[Dataset items]
##############################
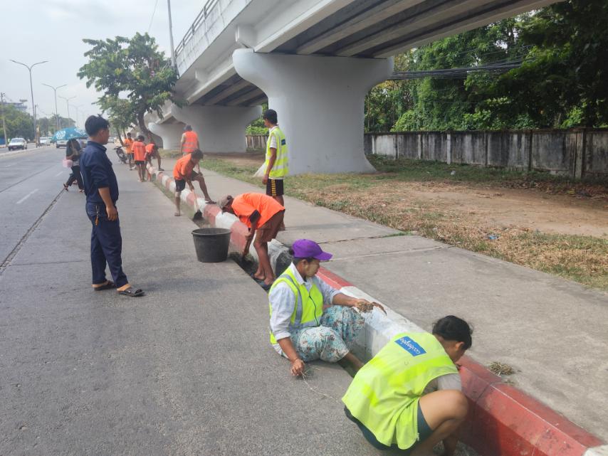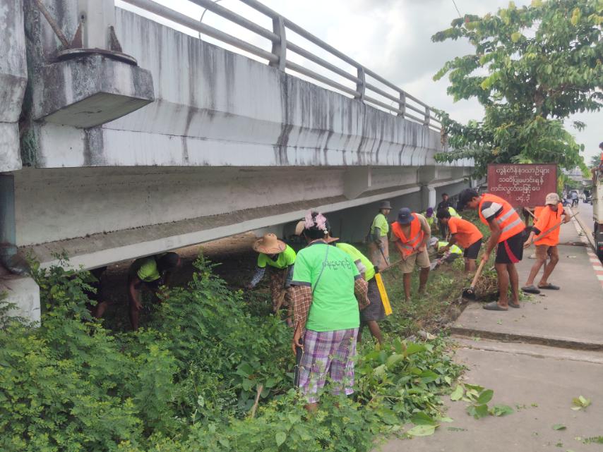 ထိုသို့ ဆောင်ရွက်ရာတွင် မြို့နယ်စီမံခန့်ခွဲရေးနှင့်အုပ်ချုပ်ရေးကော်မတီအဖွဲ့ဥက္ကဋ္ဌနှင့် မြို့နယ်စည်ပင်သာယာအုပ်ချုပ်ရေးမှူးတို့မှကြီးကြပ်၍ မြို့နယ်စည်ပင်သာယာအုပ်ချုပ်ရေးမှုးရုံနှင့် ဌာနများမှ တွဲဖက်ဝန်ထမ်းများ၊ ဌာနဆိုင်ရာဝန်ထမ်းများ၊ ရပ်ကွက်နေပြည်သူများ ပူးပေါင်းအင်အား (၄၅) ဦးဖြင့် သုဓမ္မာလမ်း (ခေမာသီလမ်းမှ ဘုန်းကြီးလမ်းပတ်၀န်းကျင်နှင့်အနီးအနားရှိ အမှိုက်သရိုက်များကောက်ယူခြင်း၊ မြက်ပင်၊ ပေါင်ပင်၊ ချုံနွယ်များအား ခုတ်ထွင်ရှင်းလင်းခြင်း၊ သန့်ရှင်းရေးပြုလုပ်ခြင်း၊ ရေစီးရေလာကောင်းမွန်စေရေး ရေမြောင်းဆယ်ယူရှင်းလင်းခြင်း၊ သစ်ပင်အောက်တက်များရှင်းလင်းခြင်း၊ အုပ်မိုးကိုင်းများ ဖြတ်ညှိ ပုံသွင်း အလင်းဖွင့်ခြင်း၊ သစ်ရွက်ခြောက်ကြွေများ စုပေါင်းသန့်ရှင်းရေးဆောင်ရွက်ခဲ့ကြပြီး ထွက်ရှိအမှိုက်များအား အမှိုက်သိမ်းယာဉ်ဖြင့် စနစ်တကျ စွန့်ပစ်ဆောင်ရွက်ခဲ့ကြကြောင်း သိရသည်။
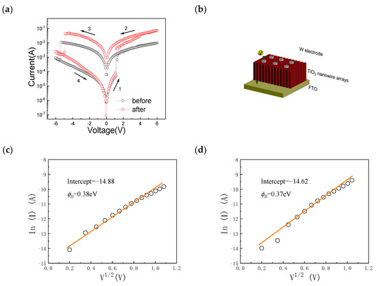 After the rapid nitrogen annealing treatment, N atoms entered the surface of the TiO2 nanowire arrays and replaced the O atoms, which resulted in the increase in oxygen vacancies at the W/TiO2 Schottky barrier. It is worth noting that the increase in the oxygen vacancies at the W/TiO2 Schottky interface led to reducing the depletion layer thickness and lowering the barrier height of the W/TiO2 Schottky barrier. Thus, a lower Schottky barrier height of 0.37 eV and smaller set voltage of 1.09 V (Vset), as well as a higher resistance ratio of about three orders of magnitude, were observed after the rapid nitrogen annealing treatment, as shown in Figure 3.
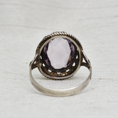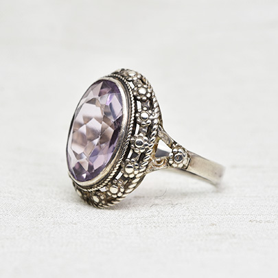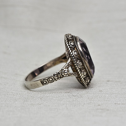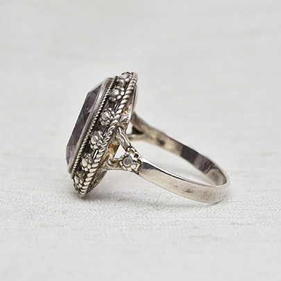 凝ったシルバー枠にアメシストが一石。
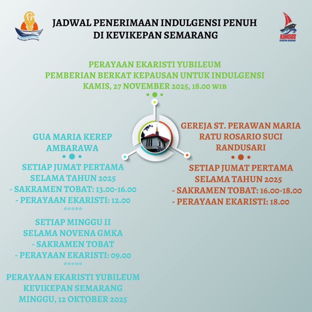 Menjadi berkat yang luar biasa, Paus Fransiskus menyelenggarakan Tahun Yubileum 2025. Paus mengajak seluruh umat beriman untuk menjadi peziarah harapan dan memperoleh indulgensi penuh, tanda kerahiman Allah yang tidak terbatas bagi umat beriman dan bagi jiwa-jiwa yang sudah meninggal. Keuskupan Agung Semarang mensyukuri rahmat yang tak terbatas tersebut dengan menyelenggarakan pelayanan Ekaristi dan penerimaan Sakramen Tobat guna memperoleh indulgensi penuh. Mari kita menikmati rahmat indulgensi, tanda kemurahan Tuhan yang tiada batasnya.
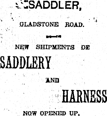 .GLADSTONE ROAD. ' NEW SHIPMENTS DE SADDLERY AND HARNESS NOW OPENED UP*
##############################
What to work on —
Print the data again word for word, pictures excluded.

Task response —
 ထိုသို့ ဆောင်ရွက်ရာတွင် မြို့နယ်စီမံခန့်ခွဲရေးနှင့်အုပ်ချုပ်ရေးကော်မတီအဖွဲ့ဥက္ကဋ္ဌနှင့် မြို့နယ်စည်ပင်သာယာအုပ်ချုပ်ရေးမှူးတို့မှကြီးကြပ်၍ မြို့နယ်စည်ပင်သာယာအုပ်ချုပ်ရေးမှုးရုံနှင့် ဌာနများမှ တွဲဖက်ဝန်ထမ်းများ၊ ဌာနဆိုင်ရာဝန်ထမ်းများ၊ ရပ်ကွက်နေပြည်သူများ ပူးပေါင်းအင်အား (၄၅) ဦးဖြင့် သုဓမ္မာလမ်း (ခေမာသီလမ်းမှ ဘုန်းကြီးလမ်းပတ်၀န်းကျင်နှင့်အနီးအနားရှိ အမှိုက်သရိုက်များကောက်ယူခြင်း၊ မြက်ပင်၊ ပေါင်ပင်၊ ချုံနွယ်များအား ခုတ်ထွင်ရှင်းလင်းခြင်း၊ သန့်ရှင်းရေးပြုလုပ်ခြင်း၊ ရေစီးရေလာကောင်းမွန်စေရေး ရေမြောင်းဆယ်ယူရှင်းလင်းခြင်း၊ သစ်ပင်အောက်တက်များရှင်းလင်းခြင်း၊ အုပ်မိုးကိုင်းများ ဖြတ်ညှိ ပုံသွင်း အလင်းဖွင့်ခြင်း၊ သစ်ရွက်ခြောက်ကြွေများ စုပေါင်းသန့်ရှင်းရေးဆောင်ရွက်ခဲ့ကြပြီး ထွက်ရှိအမှိုက်များအား အမှိုက်သိမ်းယာဉ်ဖြင့် စနစ်တကျ စွန့်ပစ်ဆောင်ရွက်ခဲ့ကြကြောင်း သိရသည်။
 After the rapid nitrogen annealing treatment, N atoms entered the surface of the TiO2 nanowire arrays and replaced the O atoms, which resulted in the increase in oxygen vacancies at the W/TiO2 Schottky barrier. It is worth noting that the increase in the oxygen vacancies at the W/TiO2 Schottky interface led to reducing the depletion layer thickness and lowering the barrier height of the W/TiO2 Schottky barrier. Thus, a lower Schottky barrier height of 0.37 eV and smaller set voltage of 1.09 V (Vset), as well as a higher resistance ratio of about three orders of magnitude, were observed after the rapid nitrogen annealing treatment, as shown in Figure 3.
 凝ったシルバー枠にアメシストが一石。
 Menjadi berkat yang luar biasa, Paus Fransiskus menyelenggarakan Tahun Yubileum 2025. Paus mengajak seluruh umat beriman untuk menjadi peziarah harapan dan memperoleh indulgensi penuh, tanda kerahiman Allah yang tidak terbatas bagi umat beriman dan bagi jiwa-jiwa yang sudah meninggal. Keuskupan Agung Semarang mensyukuri rahmat yang tak terbatas tersebut dengan menyelenggarakan pelayanan Ekaristi dan penerimaan Sakramen Tobat guna memperoleh indulgensi penuh. Mari kita menikmati rahmat indulgensi, tanda kemurahan Tuhan yang tiada batasnya.
 .GLADSTONE ROAD. ' NEW SHIPMENTS DE SADDLERY AND HARNESS NOW OPENED UP*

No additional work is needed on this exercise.